CO legislation would make death penalty easier

Posted at 9:10 PM, Jan 20, 2016
and last updated 2016-01-21 00:44:01-05

A tweak to Colorado's law could make it easier for juries to sentence a defendant to death.

Sen. Kevin Lundberg, R-Berthoud, wants to change the standard for a jury from a unanimous decision to just nine out of 12 jurors voting for the death penalty.

"I'm calling for a super majority," said Lundberg. "I believe that the standard should be high, but it shouldn't be unattainably high."

Last year, two separate juries considered the death penalty and did not sentence the defendant to death.

In August, a Denver jury found Dexter Lewis guilty of stabbing five to death at Fero's Bar. That jury stopped the sentencing process during the second of three phases, determining that what Lewis experienced in his life outweighed the crime, resulting in a life sentence.

In July, an Arapahoe County jury of 12 found the Aurora theater shooter guilty of multiple murder counts, but could not agree on sentencing the shooter to death.

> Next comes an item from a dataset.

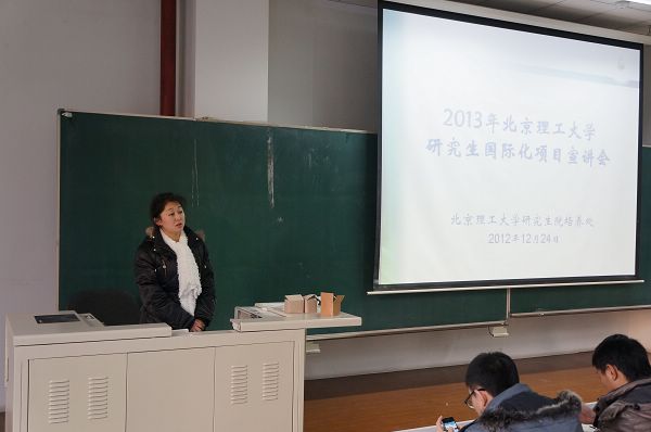 為了更好地提升我校研究生的國際化水平和視野,幫助研究生了解我校研究生國際化項目相關情況,為廣大研究生申請公派留學工作做好服務,研究生院于2012年12月24日下午組織了2013年度北京理工大學研究生國際化項目宣講會。研究生院培養處副處長張景瑞教授參加了宣講會,甄禎老師作為項目主講人。
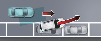 Al conducir hacia delante para salir de una plaza de aparcamiento, si la asistencia de prevención de colisión en el punto ciego considera que existe un riesgo de colisión con un vehículo que se aproxima por el punto ciego, la función podrá ayudará a evitar la colisión accionando el freno.

"I think it was nine 'firm,' two 'on the fence' and one 'absolute no,'" said one of the Aurora theater jurors who was in favor of the death penalty.

That juror spoke with Denver7 reporter Marshall Zelinger on the condition that her identity remained unknown.

"You get those one or two stubborn people and then everything just stops. For one person to be able to decide for everyone, it's kind of ridiculous," said the juror. "That's the way it was. It wasn't a unanimous decision. It was, 'Hey, we've been here for four months now, I kind of want to get my life back.' (Another juror was) that way. (They were) stubborn in (their) vote, so let's end it and go home."

Colorado law requires a unanimous decision from all 12 deliberating jurors to sentence a defendant to death. This bill would change it so that the final vote on life or death would only need nine in favor of death.

"If anything was deserving of the death penalty, I'd say that's it the Aurora (theater) shooting," said Lundberg. "I think we need to come to terms with; are we going to have a death penalty that functions in Colorado or are we just going to put it in name only and not really have the death penalty?"

The Public Defender's Office, anti-death penalty attorneys and the Better Priorities Initiative are all against the idea of reducing the number of jurors needed to secure a death penalty verdict.

"If you need a unanimous jury to get a DUI conviction or for convicting someone for stealing a candy bar, the bar should be absolutely just as high, if not higher, for executing someone," Colorado's Public Defender Doug Wilson told Denver7.

"Colorado law seems to have such a high standard, that it's unattainable," said Lundberg.

Of the 31 states that have the death penalty, only three -- Alabama, Delaware and Florida -- are the only states that do not require a unanimous jury decision.

In December, State Rep. Kim Ransom, R-Douglas County, told Denver7 that she was going to propose a bill to allow district attorneys the opportunity to seat a second jury for sentencing purposes only, if the first jury is hung when it comes to determining life or death.

"When you're asking to seat a second jury, without seeing all the evidence and listening to all the testimonies, I don't think I would agree," said the Aurora theater trial juror.